The master painters — Stimmell Van Latum and her crew — use a slightly more permanent concoction of tempura paint mixed with powder pigments and sugar water — but that simply delays the destruction for a little while. Their paintings also have to sustain people posing on them. Ronen's painting of The Creation of Adam, Michelangelo's famous piece on the Sistine Chapel ceiling, had a couch where people could sit and become part of the 3D image, for example. "We want people to interact with art," Stimmell Van Latum said.

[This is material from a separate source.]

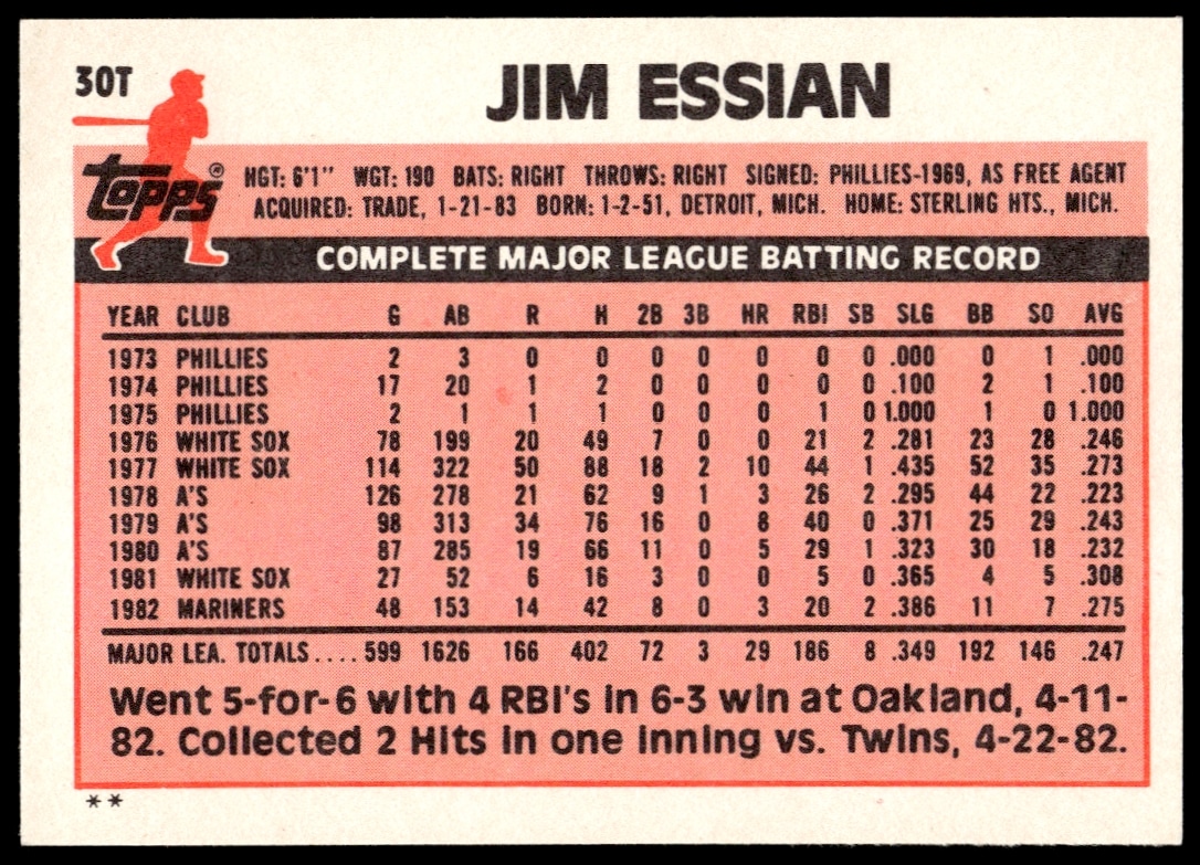 This Baseball card, from 1983 is part of the Topps Traded card set. Jim Essian is featured and has a card number of 30T.

She started her career working on a more conventional canvas, first attending the Art Centre College of Design in Pasadena then putting her skills to work for Trey Parker and Matt Stone, a.k.a. the creator's of the popular raunchy cartoon South Park. She worked for the program for eight years as the technical director where she oversaw the process of translating the paper cutout images to digital animations.

"The first year I started working at South Park I started street painting," she says. "It worked out perfectly because every summer we would have a long hiatus. I would do events around California and then go back to South Park in the fall."

During her second year of moonlighting, Stimmell Van Latum travelled to Italy for a competition against 200 other street painters. She won, despite her inexperience. When she returned home, work kept finding her, especially after she began to teach herself how to turn 2D murals into 3D images.

"I started noticing that if you could do the 3D artwork there was a lot more work for you," she said. "So I kind of forced myself to try it out and practice it. I did my first one in the U.K. for a 3D street art exhibition. I did this kind of funky painting with a hippo and a showgirl and balloons. I think it's my most popular painting online."

In 2012, seven years after quitting her South Park job to pursue street art full time, she formed a company called We Talk Chalk, and now recruits from her worldwide roster of artists to travel to corporate and art events around the world. "It's taken me everywhere I wanted to go," she says. "It's amazing except now I have a two-year-old son, which makes it really, really difficult. My husband is co-owner of the company, so if it's a big project he'll come as well and the baby will stay with the grandparents."

Still, she says she takes pleasure in seeing how much her work delights other kids. "I did it the first time and I loved it," she said. "It was different from anything I'd ever done. You're outside interacting with people and you're doing something really big.